In the last three decades, the contaminated environments caused by excessive use of hydrocarbon-based resource buried deep inside the earth has sparked a debate among researchers about meeting the growing need for clean energy and clean water [6, 7]. As a result, various chemical, biological, and physical methods including membrane separation, adsorption, and coagulation were employed for dye or organic pollutants removal from wastewater [8]. However, these processes are not cost effective and only convert the liquid pollutants into solid form of sludge or membrane fouling [1, 9]. These water treatment procedures are confined to recovering organic waste from the liquid to solid phases of water which can be secondary pollutant [10]. Recently, photocatalysis has received a significant attention for removal of organic dyes. This process generates hydroxyl radicals (·OH) which are strong oxidants to degrade the organic dyes [11, 12]. Currently, semiconductor metal oxide photocatalyst such as TiO2, MnO2, Cr2O3, has been produced, and substantial studies have been conducted to fully understand their potential in the breakdown of the organic dye, most especially those that can be easily biodegradable [13,14,15]. Moreover, the use of these semiconductor metal oxides in supercapacitors, sensors, solar cells, antibacterial activities etc. [16,17,18,19,20] has made the researchers understand the full concept of the faradaic processes in them. This has tremendously helped in achieving clean energy and organic waste control [21].

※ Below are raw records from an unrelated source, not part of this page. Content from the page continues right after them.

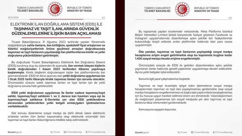 Ticaret Bakanlığı, ikinci el araç satış galerileri ve gayrimenkul danışmanlarına yönelik önemli bir uyarıda bulundu. Bakanlık, sosyal medya platformlarında (Facebook, Instagram vb.) ilan paylaşmanın yasaklandığını duyurdu. Yeni düzenlemeye göre, sadece taşınmaz ve taşıt sahipleri, birinci ve ikinci derece yakınları ya da yetki belgeli emlak ve galeri işletmeleri ilan verebilecek.
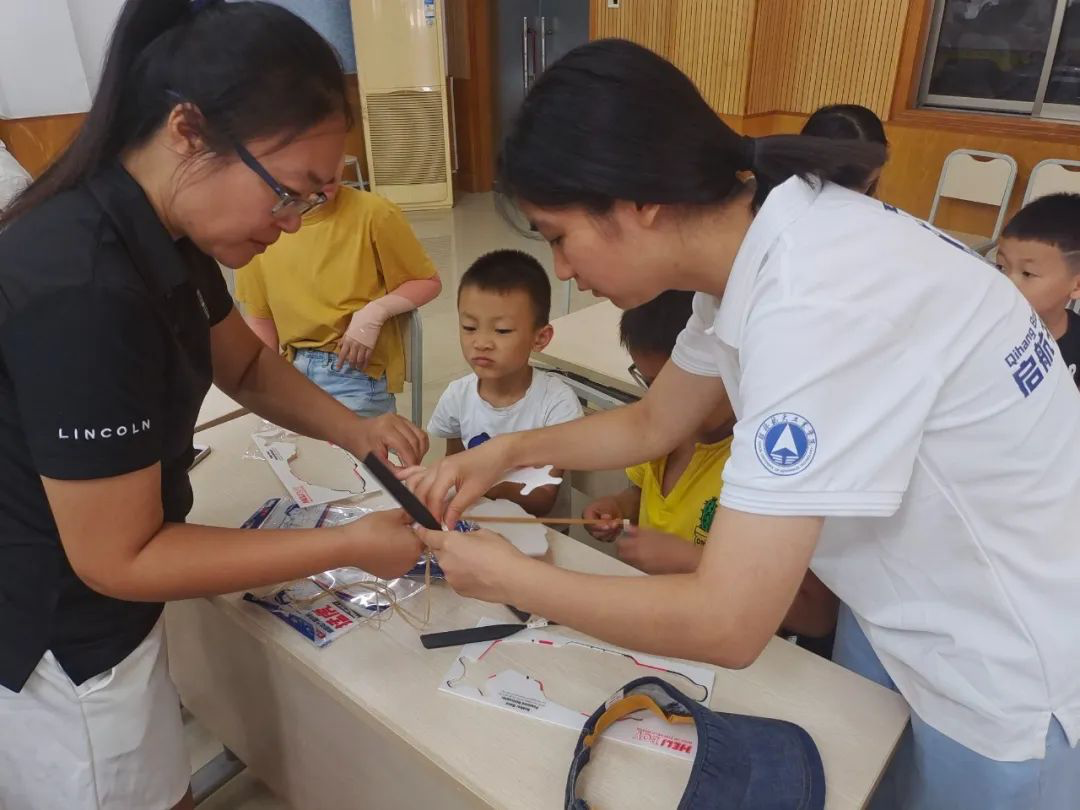 (图为团队成员们耐心地解答小朋友们制作飞机模型过程中的疑问,协助他们一起完成手工)
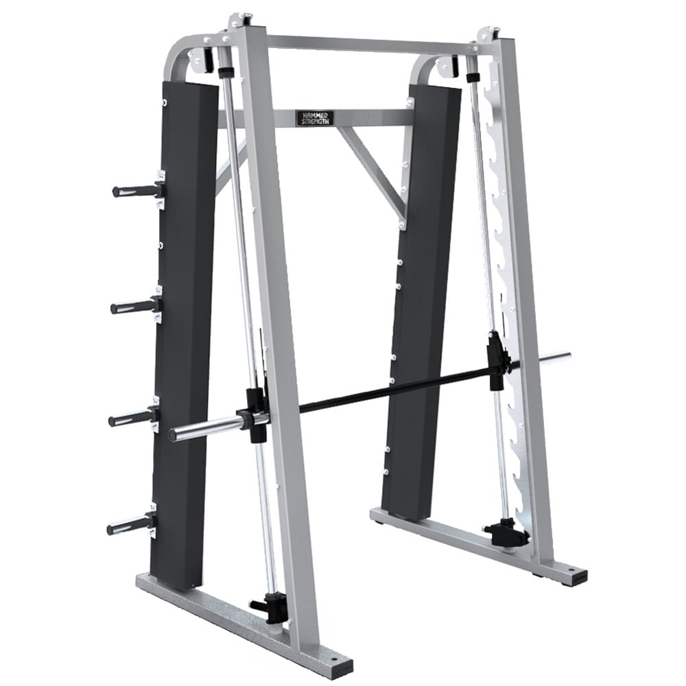 The Smith Machine bar path follows a seven-degree angle, which is the free weight motion of Olympic lifting — to give you the same workout environment as Olympic athletes.
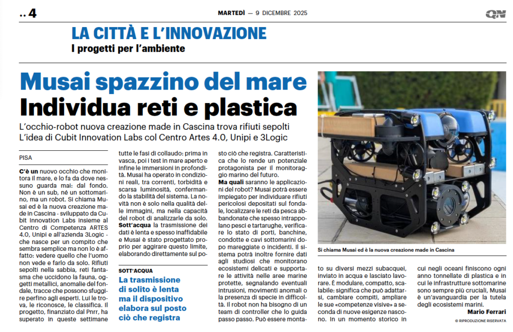 Il progetto MUSAI è stato recentemente oggetto di un articolo pubblicato su La Nazione – Cronaca di Pisa e Pontedera, che ha approfondito obiettivi, sviluppo e risultati raggiunti dal sistema subacqueo intelligente sviluppato da Cubit Innovation Labs, cogliendo l’impatto che potrà avere sul monitoraggio della plastica in mare e l’inquinamento.
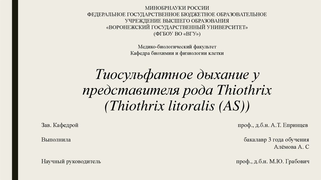 1. Тиосульфатное дыхание у представителя рода Thiothrix (Thiothrix litoralis (AS))

Among different metal oxides studied so far, titanium dioxide (TiO2) is widely used as a standard photocatalyst in degradation of organic dyes because of its excellent set of optical, physical, chemical, and electronic properties [19,20,21,22,23,24,25]. Also, it is low cost, eco-friendly, and possess a high chemical stability [26, 27]. Despite its benefits, TiO2 has a large band gap energy and electron-hole pair recombination, which are significant limitations that hinder its ability to perform photocatalysis and explain its poor visible light absorption [28]. This reduces its effectiveness in the degradation of organic waste when using visible light irradiation. Several modifications have been employed to curb this effect but these modifications necessitate additional cost, limiting the use of TiO2 as a photocatalyst. Many researchers have been in search of alternative semiconductor metal oxides with similar properties to TiO2. To this end, chromium oxide (CrxOy) serves as an alternative material with an additional feature of variable oxidation state [29,30,31] [2]. The properties of chromium oxide have been enhanced by different modification techniques [31,32,33]. Chromium oxides and its spinel has been reported to be used in solar cell, catalysis, and spintronic applications [34,35,36].

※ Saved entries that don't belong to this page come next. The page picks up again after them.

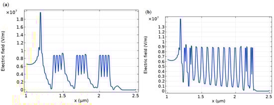 Electric field with charged islands on the surface. The number of charged islands is 3 pieces (a), and 14 pieces (b). Uct = 0.5 V, Uan = 1 V, Ug = 3 V. Cutline Y = 0.70 μm. GaAs, p-type, p = 1012 cm−3. Surface charge density ρ = 10−3 is situated at each island.
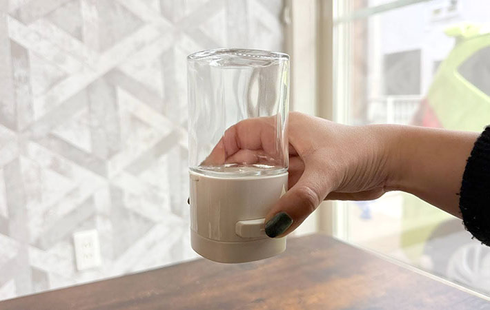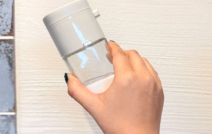 斜めの状態だと正確に計量できない場合があるため、真逆さまにしてからプッシュするのがおすすめです。
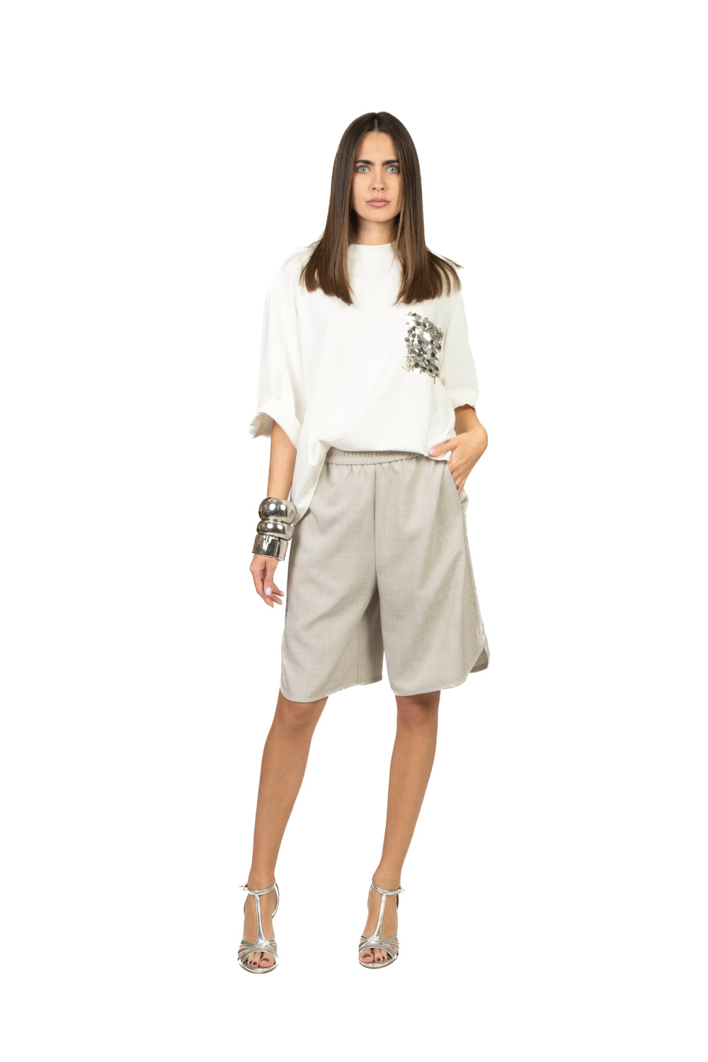 • Bermuda con elastico in vita, tasche a filo e spacchetti laterali, pensati per il massimo comfort senza rinunciare allo stile. Pratici e versatili, sono perfetti per creare look freschi e curati in pochi gesti.

The spinel is mostly preferred because it offers a better sintering reactivity. A few studies have been successfully reported on the metal doped CrxOy or spinel. The spinel structure has the general formula XY2O4 and uses cation distribution at two separate sites (X- and Y-). In this structure, divalent X (II) ions occupy the tetrahedral gaps, while trivalent Y (III) ions fill the octahedral spaces in the compact packed arrangement of oxygen ions. Stüsser et al., used neutron diffraction technique to study the magnetic properties of Cu0.9Ni0.1Cr2O4 and CuCr2O4 and observed that the magnetic property of ACr2O4 is greatly affected by the electronic property of A and Cr cations. They have reported ferromagnetic Cu0.9Ni0.1Cr2O4 spinel [37]. Singh et al. have reported the optical properties of Mg ion substituted in Cr2−xMgxO3. They noted that the optical band gap reduced from 3 to 2.76 eV as the concentration of the magnesium ion increased [38].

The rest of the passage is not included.